Use Verified Email in User Profiles

The email_verified field of a user profile indicates whether the user has verified their email address. Email verification is optional, but valid email addresses are required for certain actions, such as sending email communications, password reset/recovery links, and passwordless magic links to users.

An email is usually verified immediately after the user account is created or when the user logs in to the application for the first time. It's a good way to know that the person signing up actually owns the email at that moment.

Since email verification happens once at that specific moment, we can't ensure that a person who logs in with the user account at a later time still owns the email address that was verified.

In case of federated identity providers, they sometimes report if the user has a verified email, and based on that, Auth0 sets the email_verified field in the user profile. This, however, transfers the responsibility to the identity provider to do it properly - something we can't ensure. We also don't know if the verified email from that provider is still owned by the user.

For all of these reasons, we need to be careful on what we can assume based on a verified email.

When does Auth0 set emails as verified?

When users signup with email and password, they get a verification email with a link. When they click the link, Auth0 verifies their email. To learn more, read Customize Email Templates.

When users authenticate with a federated identity provider (e.g. a social or enterprise connection), the value of the email_verified field will match what the identity provider returns in the user profile. If they identity provider does not return any value, it will be set to false.

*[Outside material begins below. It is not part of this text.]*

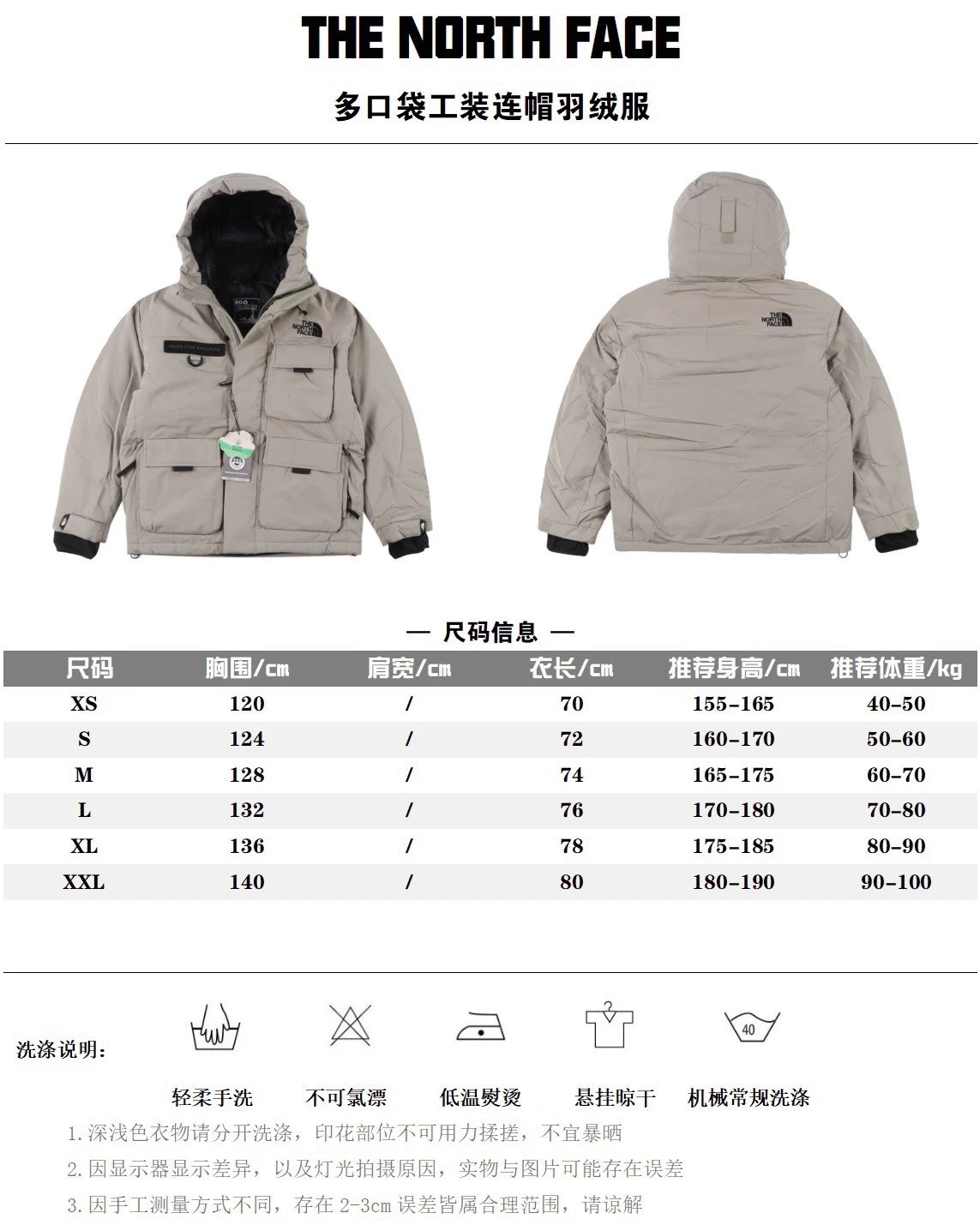 南面多口袋工装连帽羽绒服

Verified Emails and Account Linking

When you want to link two user accounts, you need to make sure that the user still has access to both accounts. The only way to achieve that is to have users authenticate with both accounts before linking them.

You should not automatically link accounts based on the user's emails. Always prompt users to authenticate again before doing that. This will prevent scenarios like:

  • John Doe, an employee of Travel0, signs up to a site using his corporate email john.doe@travel0.com and a password. Months later, John Doe leaves Travel0, and a new John Doe is hired, with the same email account. That person goes to the same website, and authenticates with his corporate identity provider (such as Google Workspace), and gets the account automatically linked to the other user.

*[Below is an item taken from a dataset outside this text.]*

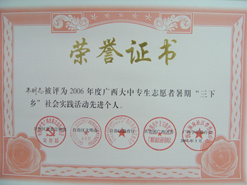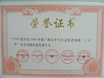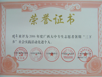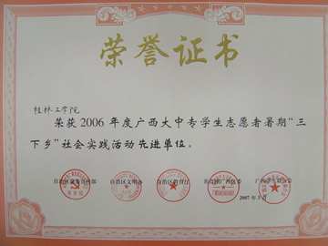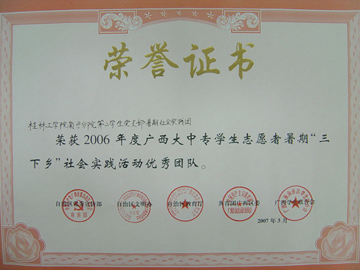近日,由自治区党委宣传部、自治区文明办、自治区教育厅、共青团广西区委及广西区学生联合会等6家单位共同评选的2006年度全区大学生暑期“三下乡”社会实践先进集体和个人揭晓。我院荣获“2006年广西大学生志愿者暑期‘三下乡’社会实践先进单位”称号。

  • Federated identity providers can make mistakes on how they handle email verification and can report that users own an email they do not.

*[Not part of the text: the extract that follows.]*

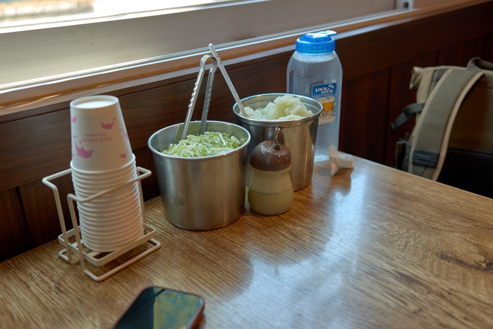 - 셀프 고명: 식탁마다 간 무와 채 썬 파가 수북하게 준비되어 있습니다. 재료의 상태가 매우 싱싱하여 취향껏 듬뿍 넣어 먹을 수 있는 것이 장점입니다.

On the other hand, we recommend you to still check for the email_verified field before performing account linking, to mitigate scenarios like:

  • An attacker creates a Google account attacker@gmail.com.

  • Attacker creates a new database users with the victim's email (e.g. victim@hotmail.com).

  • Attacker links both accounts.

  • Attacker sends a phishing attack to victim.

  • The victim tries to sign-up, they are told the user already exists and get offered to reset the password.

  • The user enters their password and logs into the attacker's account, which now has access to whatever data the victim enters in the application.

Verified Emails and Authorization Decisions

In the same way that you can't fully trust the email, you can't fully trust the email domain either.

If your application needs to restrict access based on the user's employer, the fact that a user is logged in with an email from a specific corporate domain does not guarantee that it should be granted access.

For example:

  • If your application allows customers to sign up for new accounts, and employees from different companies authenticate using their corporate credentials, a user that signs up with a user@acme.com account shouldn't be granted access to the same feature set that a user authenticating with acme.com's corporate directory.

  • If your application supports authenticating with Azure AD, and the directory supports guest users, you can get users from any domain logging-in from that Azure AD tenant. You should not give guest users the same access level as the rest of the users authenticating with that tenant.

As a general recommendation, you should not use the email's domain to make authorization decisions. If you need to check if the user belongs to a specific organization, it's better to rely on the connection they used to authenticate, or in connection-specific attributes like the Azure AD's tenant id.